===== Information shown =====

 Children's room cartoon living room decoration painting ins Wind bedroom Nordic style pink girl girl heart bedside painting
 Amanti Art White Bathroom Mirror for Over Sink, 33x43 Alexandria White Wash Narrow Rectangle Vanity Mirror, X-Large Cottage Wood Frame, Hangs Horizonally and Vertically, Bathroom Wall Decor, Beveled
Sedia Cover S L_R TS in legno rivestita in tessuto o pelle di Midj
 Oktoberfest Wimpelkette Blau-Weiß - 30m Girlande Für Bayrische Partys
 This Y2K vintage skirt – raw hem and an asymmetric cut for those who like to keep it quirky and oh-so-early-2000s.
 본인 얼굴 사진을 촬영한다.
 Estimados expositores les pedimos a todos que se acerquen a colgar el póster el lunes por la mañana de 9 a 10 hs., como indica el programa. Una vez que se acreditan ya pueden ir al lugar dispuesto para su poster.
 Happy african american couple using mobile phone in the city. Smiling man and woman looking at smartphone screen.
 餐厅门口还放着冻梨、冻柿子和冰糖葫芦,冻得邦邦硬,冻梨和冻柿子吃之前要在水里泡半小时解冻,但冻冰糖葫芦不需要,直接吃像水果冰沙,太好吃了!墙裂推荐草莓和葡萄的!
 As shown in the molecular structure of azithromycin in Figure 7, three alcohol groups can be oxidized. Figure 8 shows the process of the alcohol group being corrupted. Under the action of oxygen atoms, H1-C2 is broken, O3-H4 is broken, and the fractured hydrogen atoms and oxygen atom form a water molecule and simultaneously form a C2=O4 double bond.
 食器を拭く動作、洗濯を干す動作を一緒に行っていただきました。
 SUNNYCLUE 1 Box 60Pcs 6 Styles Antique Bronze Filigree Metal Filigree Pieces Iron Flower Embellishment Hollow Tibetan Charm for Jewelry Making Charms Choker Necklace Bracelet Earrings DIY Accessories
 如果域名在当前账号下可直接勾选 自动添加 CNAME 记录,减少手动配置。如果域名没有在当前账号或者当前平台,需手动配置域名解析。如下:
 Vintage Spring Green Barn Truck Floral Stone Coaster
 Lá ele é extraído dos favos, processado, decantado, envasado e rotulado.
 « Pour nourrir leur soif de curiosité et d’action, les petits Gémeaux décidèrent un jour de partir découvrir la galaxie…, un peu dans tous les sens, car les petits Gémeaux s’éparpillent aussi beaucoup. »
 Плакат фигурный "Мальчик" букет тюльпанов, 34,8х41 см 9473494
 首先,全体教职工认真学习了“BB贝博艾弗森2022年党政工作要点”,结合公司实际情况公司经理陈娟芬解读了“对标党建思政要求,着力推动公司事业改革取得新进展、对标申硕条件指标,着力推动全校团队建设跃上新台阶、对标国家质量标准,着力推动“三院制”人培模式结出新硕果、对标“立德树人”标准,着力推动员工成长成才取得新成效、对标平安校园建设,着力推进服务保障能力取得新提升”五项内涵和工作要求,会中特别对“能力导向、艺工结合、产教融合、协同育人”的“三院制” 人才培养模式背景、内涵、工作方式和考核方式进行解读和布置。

=====

- What is needed: The lines of the data, from the first through the one containing "Sedia Cover S", are to be transcribed exactly.

- Output of the task:
 Children's room cartoon living room decoration painting ins Wind bedroom Nordic style pink girl girl heart bedside painting
 Amanti Art White Bathroom Mirror for Over Sink, 33x43 Alexandria White Wash Narrow Rectangle Vanity Mirror, X-Large Cottage Wood Frame, Hangs Horizonally and Vertically, Bathroom Wall Decor, Beveled
Sedia Cover S L_R TS in legno rivestita in tessuto o pelle di Midj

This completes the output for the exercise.